> What is being asked: All lines from the one that contains "当地时间5月20日,受新冠肺" to the end of the data must be retyped exactly. Pictures are not retyped.

- Opening Delimiter -

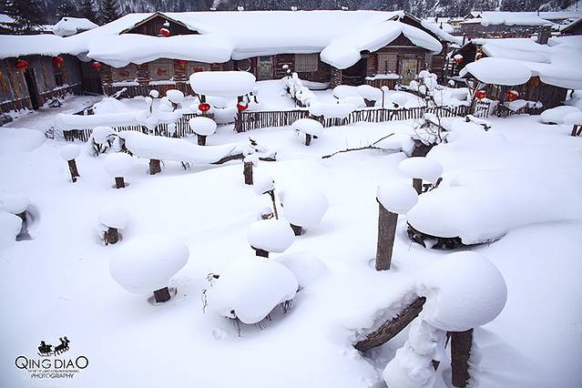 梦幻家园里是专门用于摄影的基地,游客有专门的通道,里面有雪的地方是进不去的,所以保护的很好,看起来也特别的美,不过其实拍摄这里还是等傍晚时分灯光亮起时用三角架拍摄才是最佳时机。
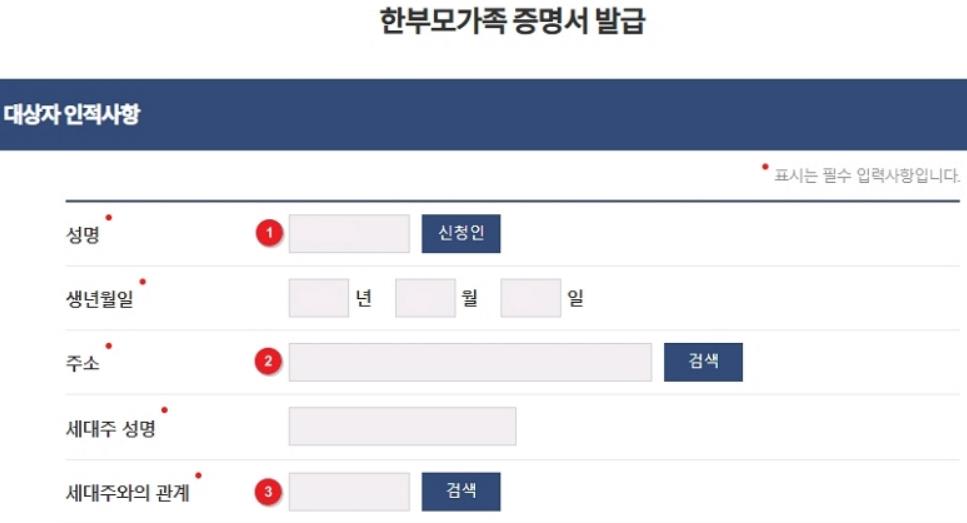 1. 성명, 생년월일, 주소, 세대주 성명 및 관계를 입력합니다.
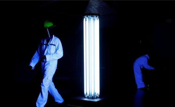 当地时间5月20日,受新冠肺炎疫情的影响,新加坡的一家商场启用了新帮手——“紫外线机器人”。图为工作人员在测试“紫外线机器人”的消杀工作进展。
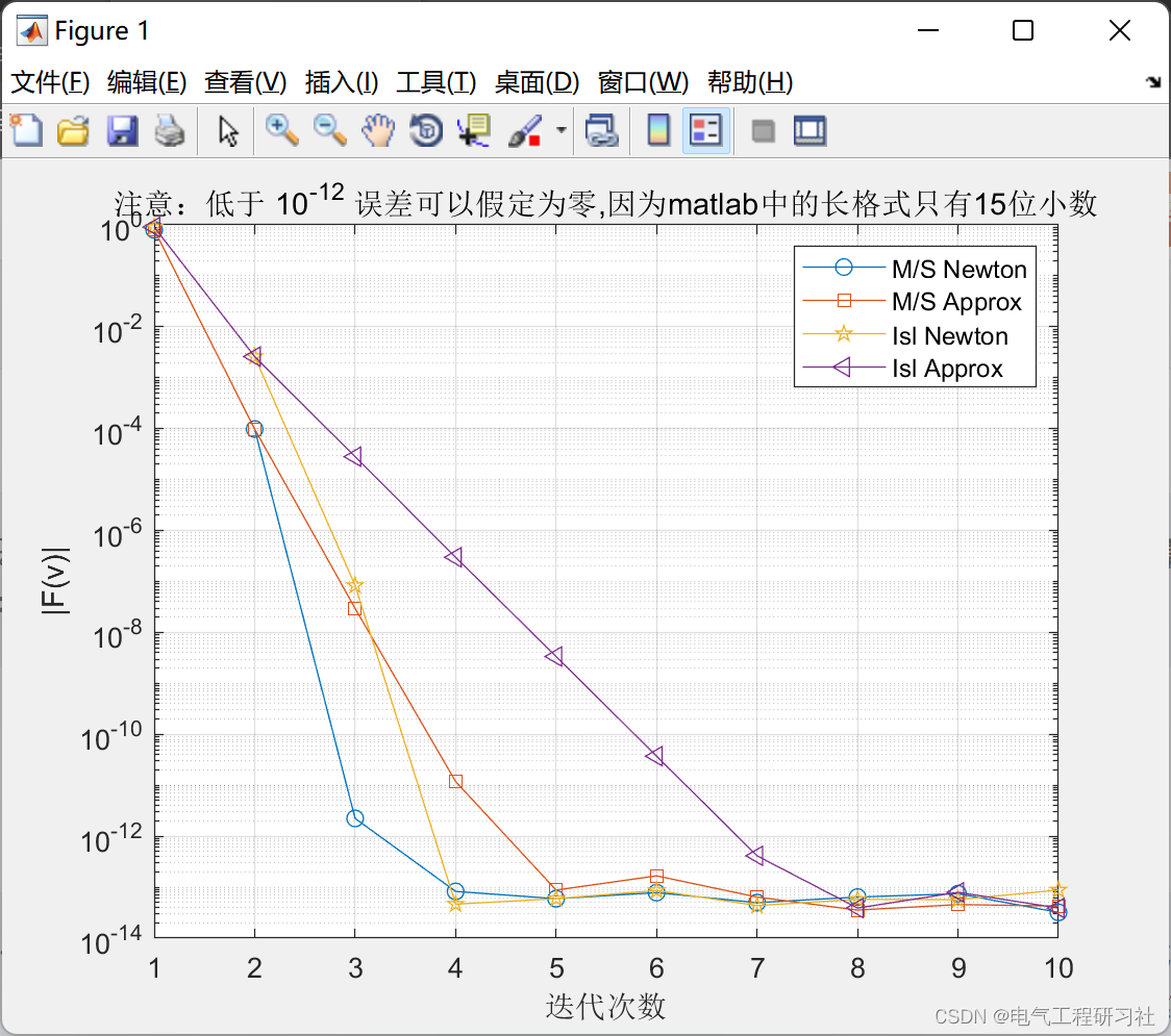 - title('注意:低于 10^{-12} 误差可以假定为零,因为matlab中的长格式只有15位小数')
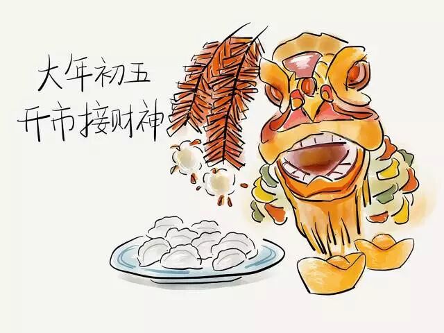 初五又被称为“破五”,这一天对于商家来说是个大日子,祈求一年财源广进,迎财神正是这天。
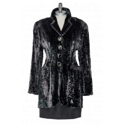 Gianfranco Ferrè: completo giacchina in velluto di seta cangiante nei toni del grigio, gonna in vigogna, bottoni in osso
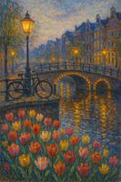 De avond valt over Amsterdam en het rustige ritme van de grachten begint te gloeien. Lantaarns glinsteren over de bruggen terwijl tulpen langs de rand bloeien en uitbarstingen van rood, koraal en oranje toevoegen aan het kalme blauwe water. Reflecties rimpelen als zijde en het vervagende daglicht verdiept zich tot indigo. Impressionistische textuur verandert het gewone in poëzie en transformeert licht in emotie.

- Closing Delimiter -

> Response for this exercise:
 当地时间5月20日,受新冠肺炎疫情的影响,新加坡的一家商场启用了新帮手——“紫外线机器人”。图为工作人员在测试“紫外线机器人”的消杀工作进展。
 - title('注意:低于 10^{-12} 误差可以假定为零,因为matlab中的长格式只有15位小数')
 初五又被称为“破五”,这一天对于商家来说是个大日子,祈求一年财源广进,迎财神正是这天。
 Gianfranco Ferrè: completo giacchina in velluto di seta cangiante nei toni del grigio, gonna in vigogna, bottoni in osso
 De avond valt over Amsterdam en het rustige ritme van de grachten begint te gloeien. Lantaarns glinsteren over de bruggen terwijl tulpen langs de rand bloeien en uitbarstingen van rood, koraal en oranje toevoegen aan het kalme blauwe water. Reflecties rimpelen als zijde en het vervagende daglicht verdiept zich tot indigo. Impressionistische textuur verandert het gewone in poëzie en transformeert licht in emotie.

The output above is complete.